Worse still, the toing and froing will not have instilled confidence on Wall Street or among both companies' big global clients. I feel that in the medium to long terms, both agency groups will be just fine, but they may be in for a rough patch, and senior heads may roll. Both groups (and their shareholders) will likely lose their appetite for mergers and acquisitions activity for the time being, but neither can afford to lick their wounds or be too cautious for too long, lest they start falling too far behind – especially Omnicom, which is seen as being “light” in digital. A swashbuckling dealmaker like Maurice Levy is unlikely to stay quiet for long – if the question of the 72-year-old’s retirement (enforced or otherwise) doesn’t come up.
But one person who will definitely be celebrating today is WPP’s CEO Sir Martin Sorrell. Not only has his group retained its crown as the world’s biggest advertising and marcomms network, but his decision not to be panicked into seeking a mega-merger or buyout of his own (IPG was a target many commentators mooted), instead continuing to pursue a strategy of organic growth, has been proved absolutely correct.
But then again, Sir Martin is probably adland’s most astute operator, and at a macro level at least, he is rarely wrong. In an interview with US trade paper Advertising Age this morning, he said he was unsurprised by the merger’s collapse.
“I don't think it was a surprise. It was probably somewhat surprising that it came so quickly,” he said, adding that he thought the merger would be beset with “clunky structures and regulatory issues". He added: "It caused strains with clients and with people internally. All of that comes to pass. Their eyes were bigger than their tummy.”

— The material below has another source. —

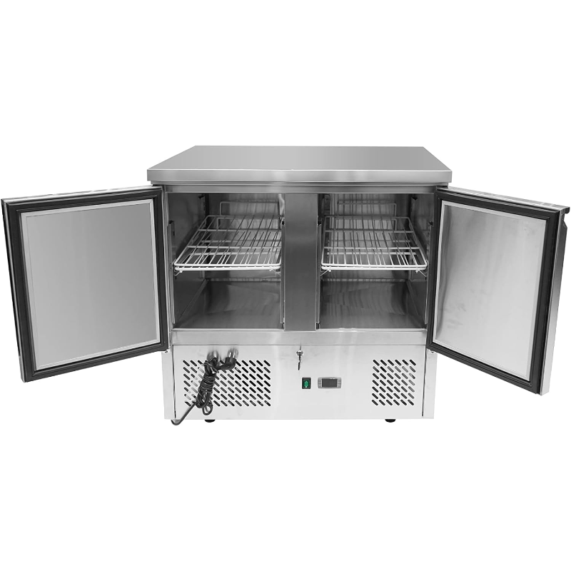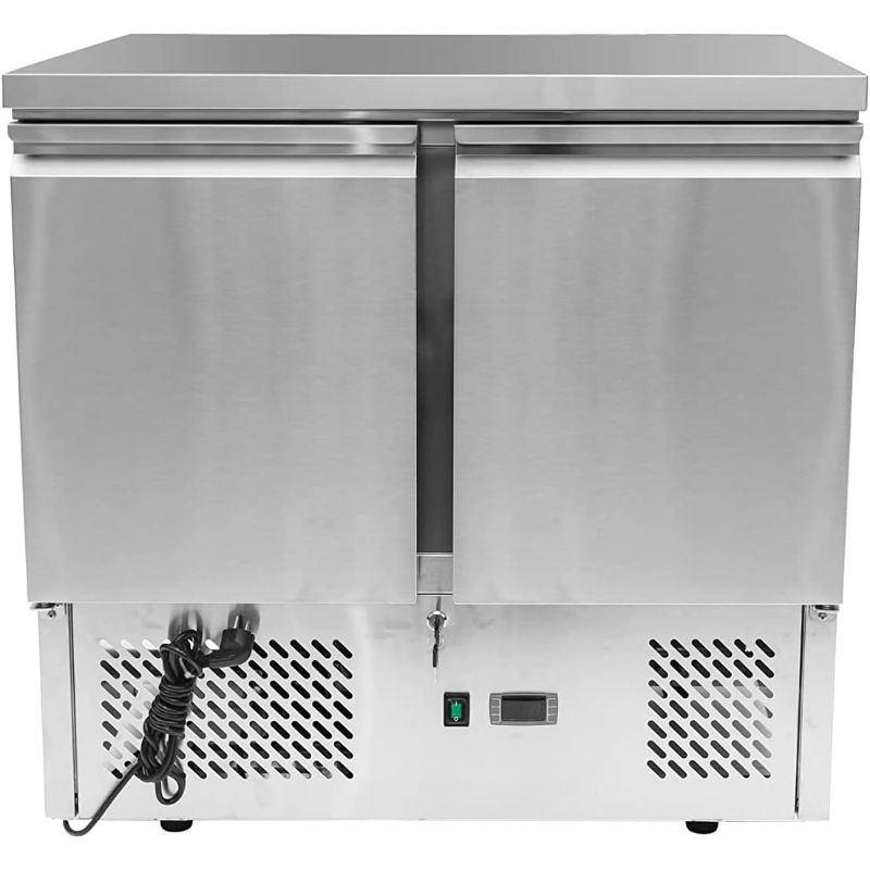 Es una mesa de acero inoxidable que enfría por dentro y sirve para guardar alimentos frescos mientras se trabaja sobre ella. Tiene puertas que se cierran solas, estantes que se pueden mover, y mantiene la temperatura adecuada. Es fácil de limpiar, ahorra espacio y ayuda a trabajar más rápido y mejor en la cocina.

In other words, while it looked impressive on paper, it was just too big to work in the real world.
So does this mean that there will be no more mergers – or proposed mergers – of this scale? For the time being, at least – but the pressure on agencies from global clients to cut costs will continue, and consolidation is one way of dealing with this. Large-scale mergers will have to be planned with military precision and have clear strategic goals, otherwise they will fail. Vanity, sentiment, or a desire to be “the biggest” won’t convince anyone.
I’ll leave you with a parting thought: shares in WPP and IPG have climbed 8.7 per cent and 10.0 per cent, respectively, since Publicis and Omnicom announced their proposed merger last July. Perhaps the merger was always doomed to fail, because hardly anyone believed in it.
Once the dust clears, I’m sure this is a subject we’ll return to.
Tony Walford is a partner at Green Square, corporate finance advisors to the media and marketing sector.